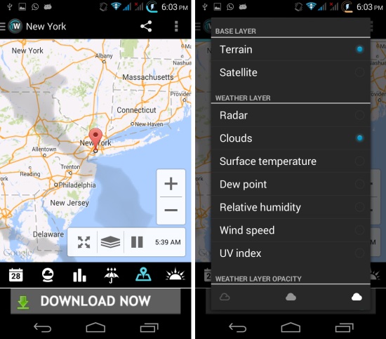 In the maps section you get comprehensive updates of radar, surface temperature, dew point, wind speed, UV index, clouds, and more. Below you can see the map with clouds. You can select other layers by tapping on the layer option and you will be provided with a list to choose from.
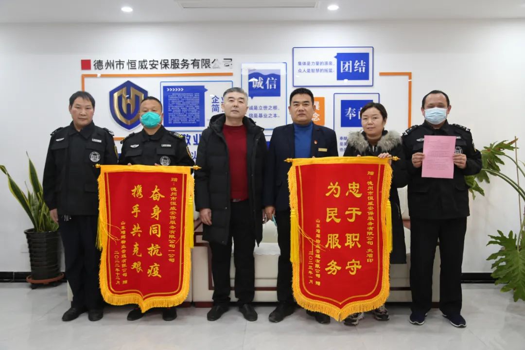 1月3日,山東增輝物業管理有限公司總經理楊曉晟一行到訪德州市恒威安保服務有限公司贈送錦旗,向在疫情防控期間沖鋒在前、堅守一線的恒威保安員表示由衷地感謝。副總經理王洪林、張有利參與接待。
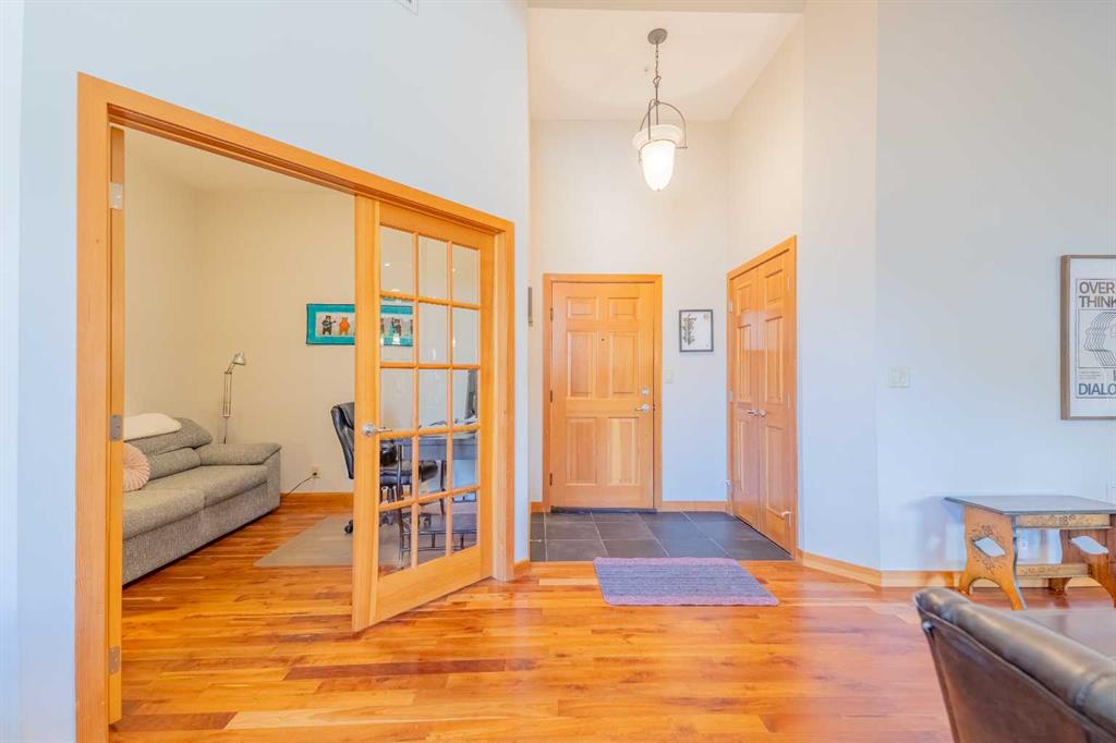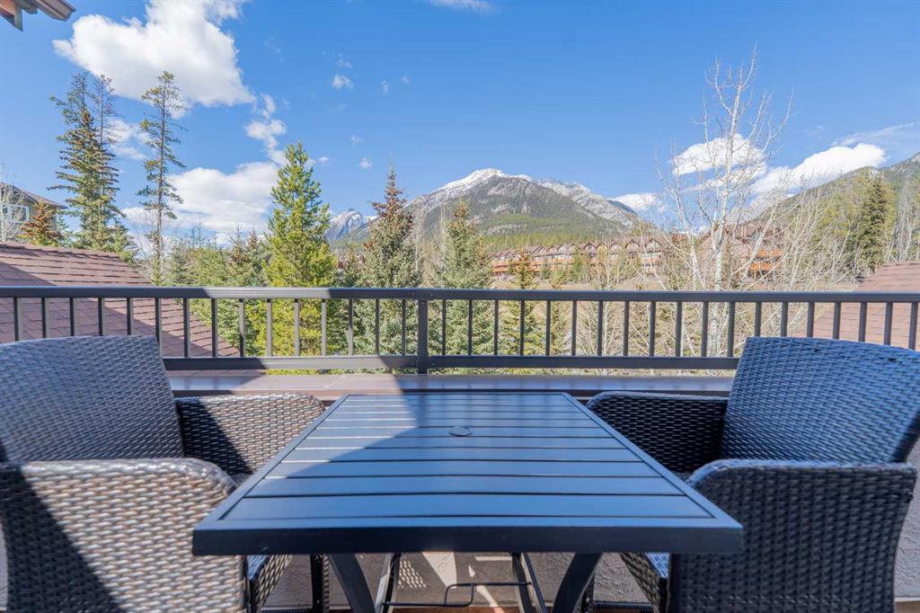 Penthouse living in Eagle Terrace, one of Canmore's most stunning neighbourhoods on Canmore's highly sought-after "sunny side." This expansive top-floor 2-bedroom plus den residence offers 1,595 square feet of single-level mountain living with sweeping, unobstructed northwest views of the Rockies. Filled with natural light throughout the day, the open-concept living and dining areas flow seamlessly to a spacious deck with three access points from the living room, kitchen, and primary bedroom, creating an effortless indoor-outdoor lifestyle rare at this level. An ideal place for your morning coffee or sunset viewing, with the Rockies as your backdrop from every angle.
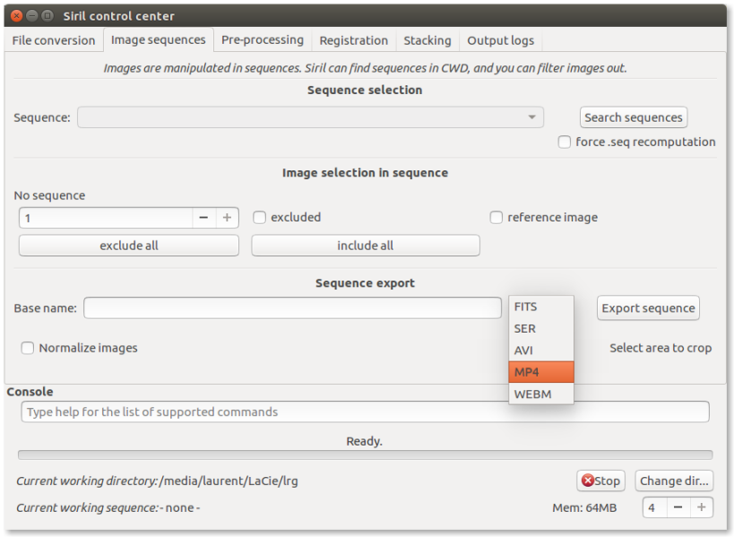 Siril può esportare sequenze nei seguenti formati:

■ ■ ■ ■

Reproduce the material in its entirety and word for word, without the pictures.

 In the maps section you get comprehensive updates of radar, surface temperature, dew point, wind speed, UV index, clouds, and more. Below you can see the map with clouds. You can select other layers by tapping on the layer option and you will be provided with a list to choose from.
 1月3日,山東增輝物業管理有限公司總經理楊曉晟一行到訪德州市恒威安保服務有限公司贈送錦旗,向在疫情防控期間沖鋒在前、堅守一線的恒威保安員表示由衷地感謝。副總經理王洪林、張有利參與接待。
 Penthouse living in Eagle Terrace, one of Canmore's most stunning neighbourhoods on Canmore's highly sought-after "sunny side." This expansive top-floor 2-bedroom plus den residence offers 1,595 square feet of single-level mountain living with sweeping, unobstructed northwest views of the Rockies. Filled with natural light throughout the day, the open-concept living and dining areas flow seamlessly to a spacious deck with three access points from the living room, kitchen, and primary bedroom, creating an effortless indoor-outdoor lifestyle rare at this level. An ideal place for your morning coffee or sunset viewing, with the Rockies as your backdrop from every angle.
 Siril può esportare sequenze nei seguenti formati:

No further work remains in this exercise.